Programming is not taught. It is practiced. You do a lot of RTFM-in'. (If you don't know what RTFM is, RTFM.)

You should never expect the teacher to spoon feed things. Besides the spoon does not exist... nor the teacher. It is the drive, the passion that moves you to learn programming.

The curiousity that lies within the hacker's soul is your tool.

('Hacker'... in the proper sense of the word... and not the term the media has misused, twisted, sensationalized and abused for years already.)

Like every quest in this world, passion is one of the main things that drives and ignites you to move forward.

In a way, learning how to program is like learning how to play basketball.

You would never learn even if Michael Jordan, Larry Bird and Magic Johnson would talk in front of you for 10 hours a day (for 12 months... for 100 years), teaching you the mechanics of things without you practicing it yourself, without you going out to hold the ball.

You will never learn basketball if you just hold the ball, aim and be contented. You have to perfect things... perfect the crossover move... the lay-up and if you're lucky enough, the slam dunk.

You must have passion... to do it every day... every hour if needed...

... until you can be proud of yourself, until you are effective.

Then you expand your court to the streets, meet new enemies and be clobbered, blocked and be humiliated in every sense.

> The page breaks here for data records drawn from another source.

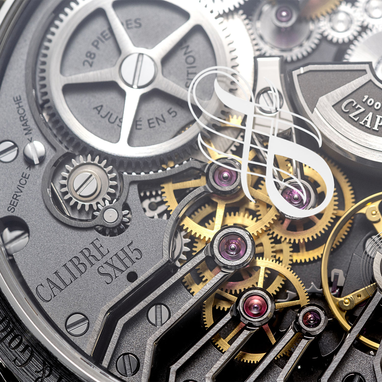 Turning the watch over reveals Czapek’s beautiful in-house automatic calibre SXH5 driven by an off-centred platinum micro-rotor. The gear train is secured by seven black sandblasted and skeletonised bridges, including the transversal bridge securing the variable inertia balance wheel. Beating at a frequency of 28,800vph, the single barrel delivers a power reserve of 60 hours. The finishing is modern but elaborate, with hand chamfering, black polishing and bevelling. The sapphire crystal on the caseback features a transfer of Sincere Watches’ commemorative logo.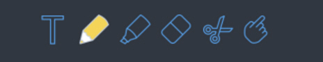 打字、书写、荧光笔、橡皮擦、套索工具、切换触屏,左侧可以选择字迹大小,右侧可以挑选颜色,形成自己的调色盘(向右滑动切换),书写分为两种笔迹——钢笔和圆珠笔(带笔锋和不带笔锋的区别),点击右下角放大镜标志可放大书写,书写时末端暂停几秒即可变成直线或圆,方便作图。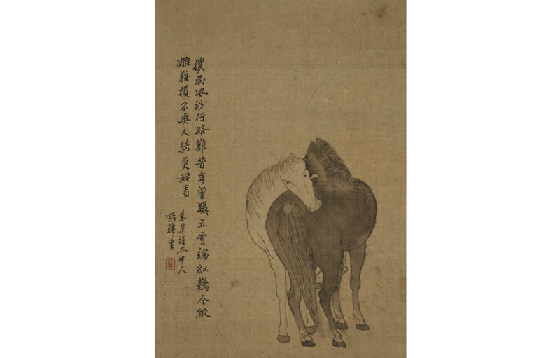 罗聘《双马图》,上面题跋的那首诗的最后一句便是“不与人骑更好看”。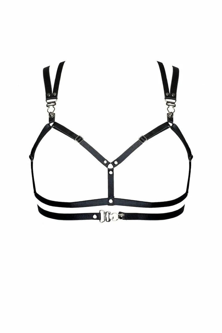 Take your look one step bolder with our ever versatile Open Bra Harness. Our fully adjustable harness is handcrafted out of satin elastic and our signature garter clip closure. Compliment your outfit day or night…or dare to wear it by itself.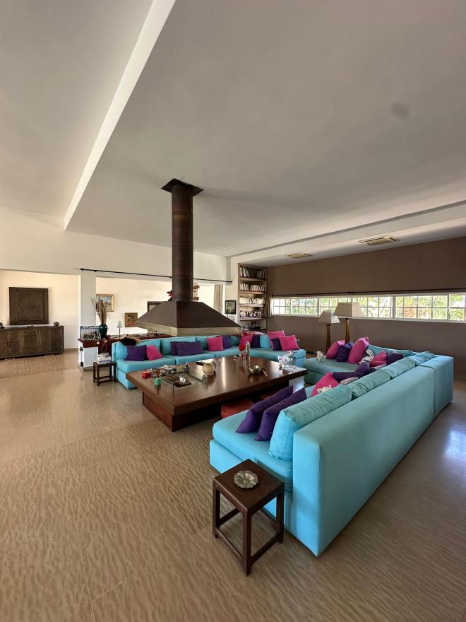 La pièce de vie principale, conviviale et lumineuse, s’étend sur environ 100 m² et est sublimée par une élégante cheminée suspendue, créant une atmosphère chaleureuse et raffinée.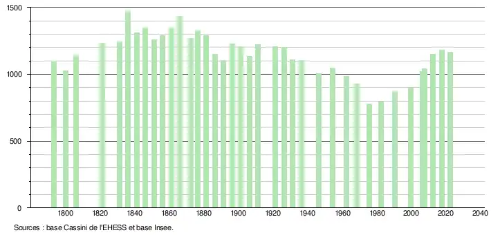 L'évolution du nombre d'habitants est connue à travers les recensements de la population effectués dans la commune depuis 1793. Pour les communes de moins de 10 000 habitants, une enquête de recensement portant sur toute la population est réalisée tous les cinq ans, les populations de référence des années intermédiaires étant quant à elles estimées par interpolation ou extrapolation[13]. Pour la commune, le premier recensement exhaustif entrant dans le cadre du nouveau dispositif a été réalisé en 2007[14].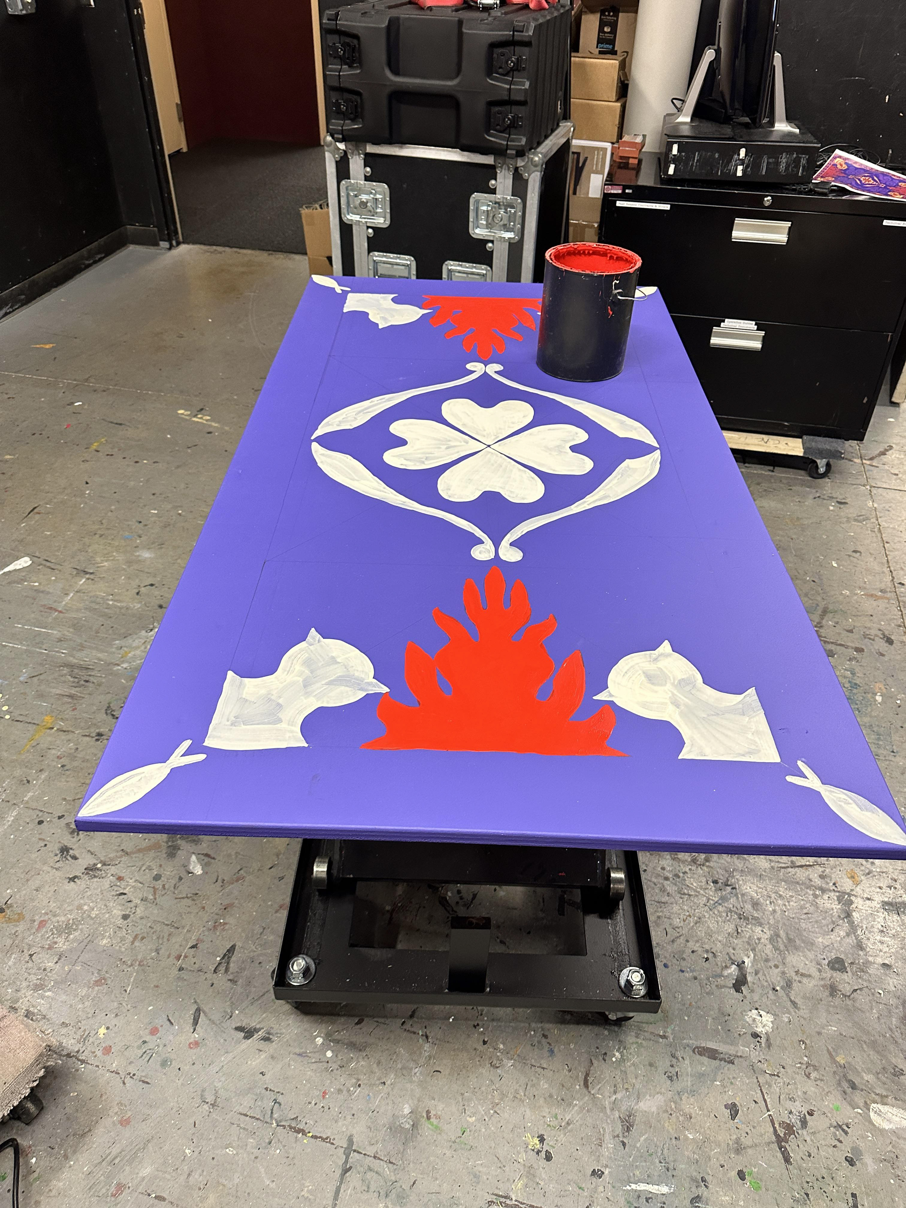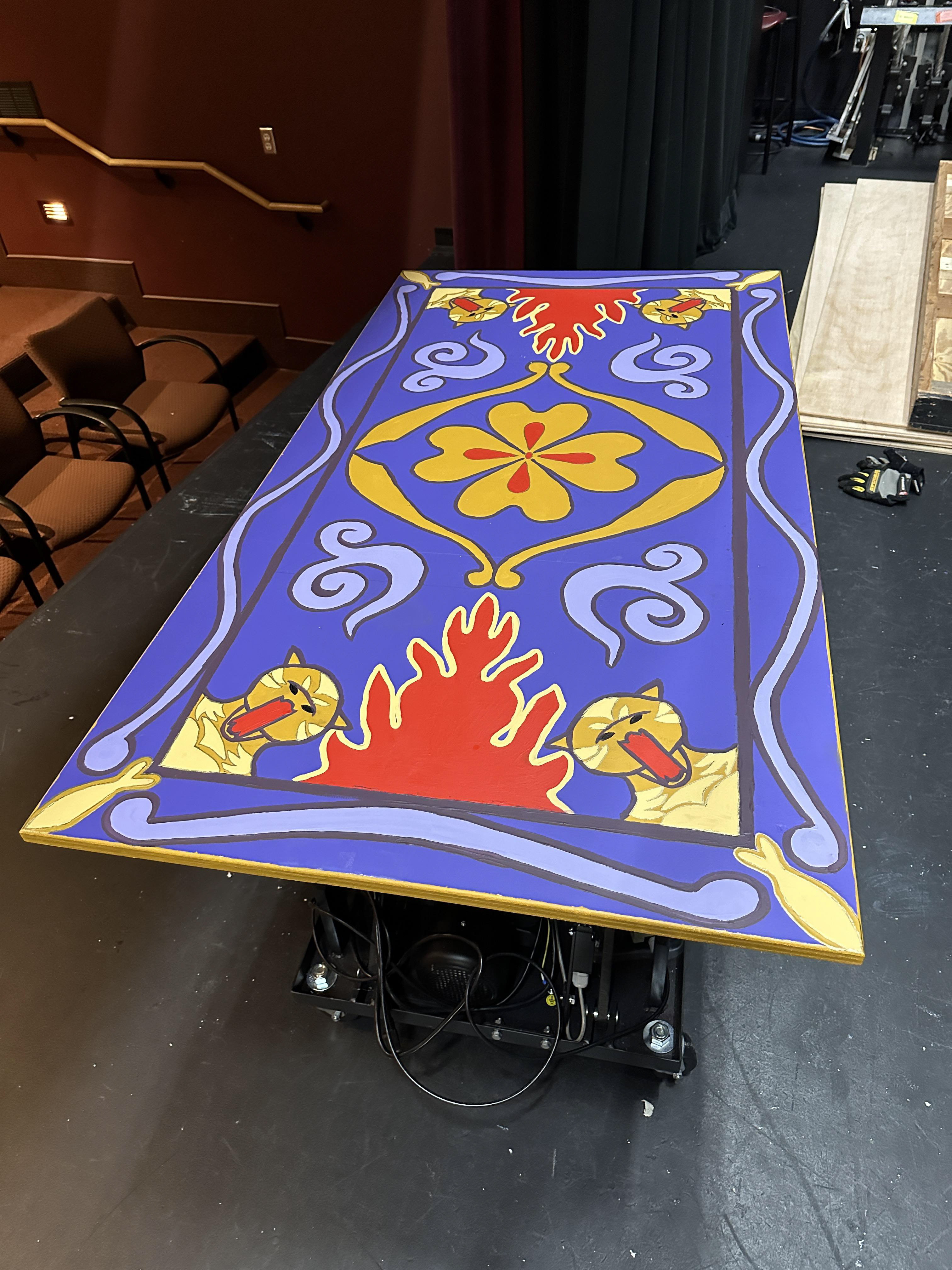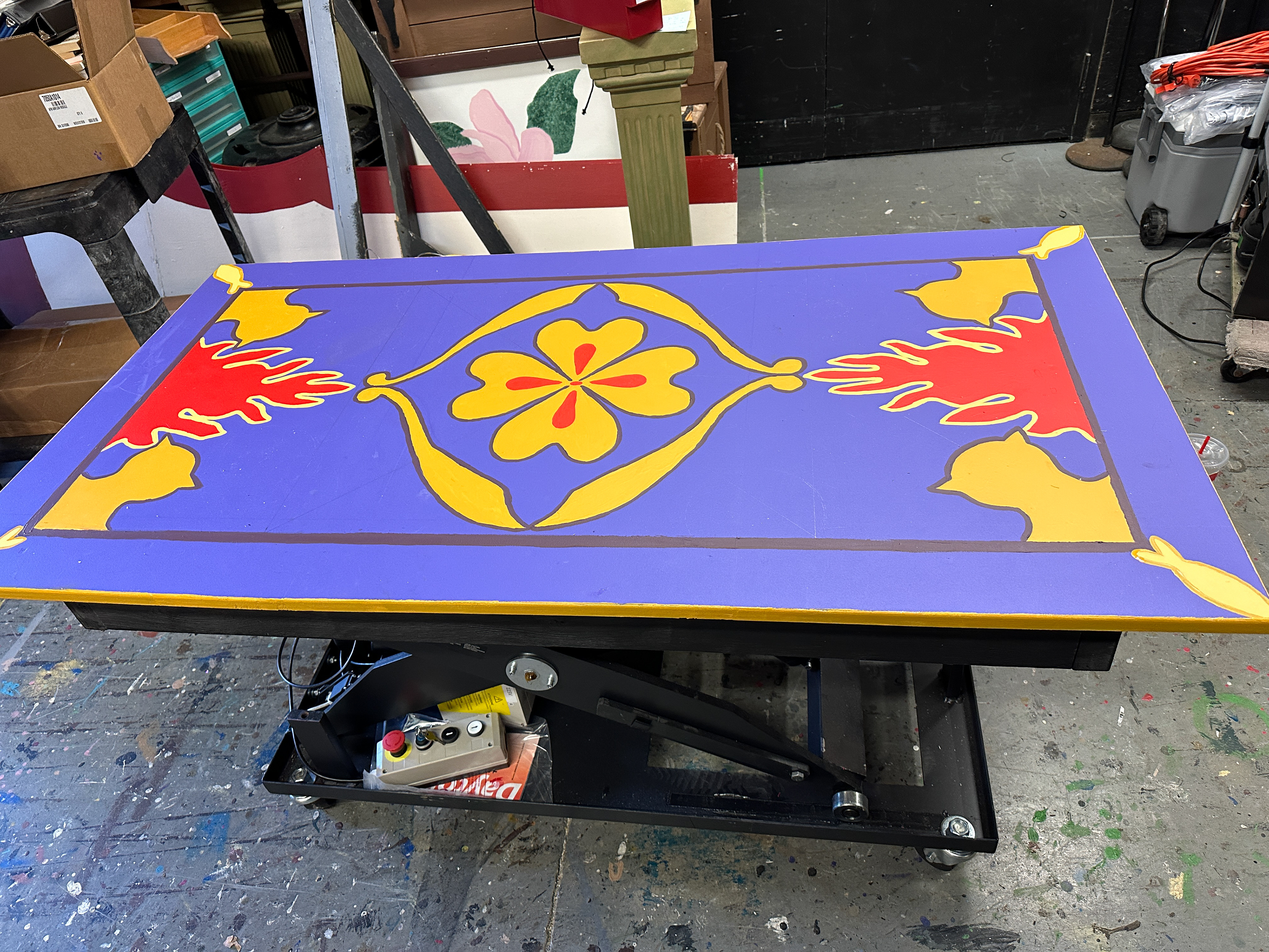 My boss and I worked together to assemble a hydraulic lift to work as the imperative magic carpet for the show, then it was my job to paint!

Sometimes you get kneed, elbowed and punched.

(Yes that's how basketball is played sometimes.)

But you learn. You learn the hard way. The harder the better.

You practice again... you face the opponent, conquer and move on to a bigger world.

Bigger challenges.

Of course there's a possibility that you get clobbered a thousand times before you can move on.

... which is good.

Because you'll never learn the game and be good at it if you play one on one with your neighbor's cuddly teddy bear.

You gain knowledge, you gain experience... you gain wisdom.

Wise enough to know that both a mighty dunk and simple shot scores two points in the statistics department. But wise enough too to know the difference between the two and when to use it.

But that my student would be another story for now.

I don't think I have to spoon feed what MJ, the ball, the passion, the learning process, the dunk, the teddy bear and every component in that metaphor symbolizes here.

More on this later... (I need to chop things, it's gettin long already.)